Thank you all so much for the help. 
This morning I made up a beeswax/olive oil/coconut oil polish and cleaned her right up. 
It's funny you mentioned the width of the drive band, Marchwind-dh put some tie line on her and it was too thick so I went with some cotton yarn. We got her all set to go and I started spinning when the repair on the foot pedal broke (some rope stapled on) so DH is currently using some leather to make some 'hinges'. Love my handy guy!

Anyway, I am super excited to get started and have a feeling I will become super addicted to this.


----------



## hotzcatz (Oct 16, 2007)

Leather hinges are standard on the older Ashford Traditional wheels and there are tons of those around and still spinning, so leather should do fine.

Coconut oil? Doesn't your wheel smell like a beach full of tourists now?


----------



## Marchwind (May 10, 2002)

Southern mom, if you can get hold of some #10 crochet cotton or string similar to that in thickness that is about what you want to use. You might also want to run the string over a bees wax candle to make it a bit sticky.

With that screw tension you will have to do a lot of fiddling to find the "sweet spot". Don't be discouraged. Begin with the tension is enough so that when you slightly press on the drive band it gives a little. You don't want it so loose so the band drapes and you don't want it so tight you could play it like a musical instrument. There is a happy spot somewhere right between those two options.

Don't forget pictures


----------



## southernmom (May 1, 2013)

hotzcatz said:


> Leather hinges are standard on the older Ashford Traditional wheels and there are tons of those around and still spinning, so leather should do fine.
> 
> Coconut oil? Doesn't your wheel smell like a beach full of tourists now?


Well, I'm a Native Floridian so a little beach smell don't bother me none :thumb:

Seriously, though I put just a smidgen of coconut oil in but the polish worked really well.


----------



## southernmom (May 1, 2013)

Marchwind said:


> Southern mom, if you can get hold of some #10 crochet cotton or string similar to that in thickness that is about what you want to use. You might also want to run the string over a bees wax candle to make it a bit sticky.
> 
> With that screw tension you will have to do a lot of fiddling to find the "sweet spot". Don't be discouraged. Begin with the tension is enough so that when you slightly press on the drive band it gives a little. You don't want it so loose so the band drapes and you don't want it so tight you could play it like a musical instrument.
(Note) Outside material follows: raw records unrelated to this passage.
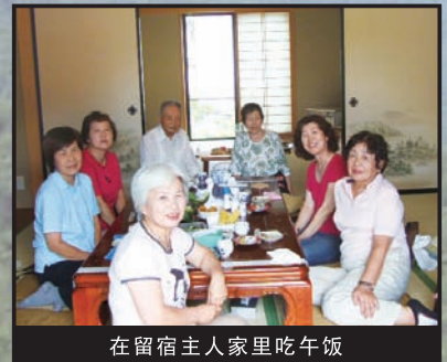
在留宿主人家里吃午饭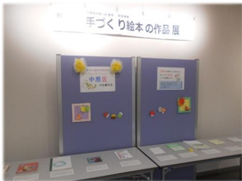
「手づくり絵本の作品展」

展示期間中にご覧いただけなかった方にも見ていただくことができるのは、電子図書館ならではの利便性であると感じています。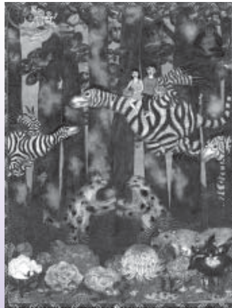
ひかり射す森 今村 史織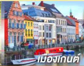
เมืองกันต์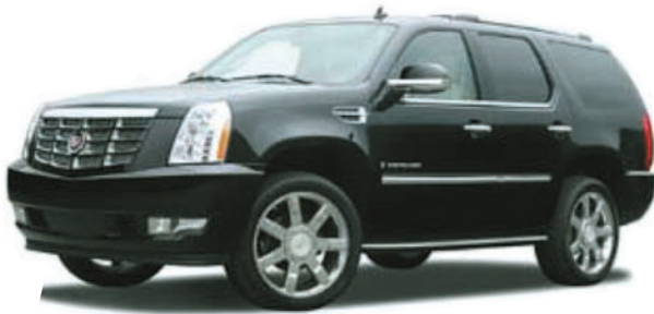
キャデラック エスカレード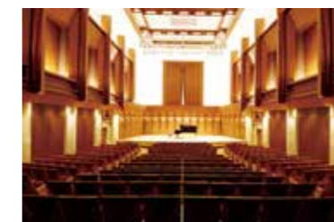
文化会館小ホール

〈文化会館〉 小田急線・相鉄線・JR相模線「海老名駅」より 徒歩約5分 〈市民ギャラリー〉 小田急線・相鉄線「海老名駅」より徒歩約10分 JR相模線「海老名駅」より徒歩約15分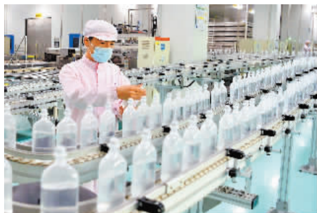
■石家庄四药生产线。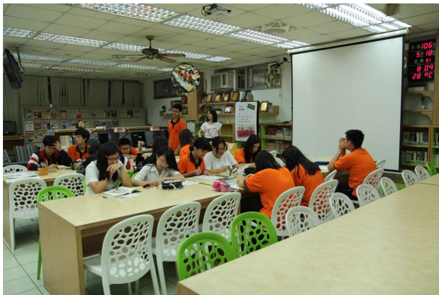
熱情參加的同學們都提前到場 (很給力唷！)

There is a happy spot somewhere right between those two options.
> 
> Don't forget pictures


I like that idea about the beeswax and the string! Thanks! Yeah, I was looking for some thicker cotton string but I don't have any on hand (oddly enough) but I will be getting some. 

I am finally spinning! My 'yarn' is pretty interesting but I am slowly getting the hang of it-there is definitely a sweet spot in terms of that drive band. I couldn't get the bobbin to wind at first and figured out the tension was way too loose-tightened it up and was on my way. Now I just have to get the twist right.

Do ya'll set your twist or should I start a new thread for spinning related questions?


----------



## Marchwind (May 10, 2002)

You can start a new thread if you want, you might get your questions answered quicker if people know what your posting about. It also makes it easier to find the thread later.

Setting the twist is done after you're finished spinning and the yarn is done.


----------



## frazzlehead (Aug 23, 2005)

That's a lovely little wheel! It is a lot like the ones here made in the Hutterite colonies ... So I would guess maybe a German design. 

So glad she has found a new home where she can get back to work!


----------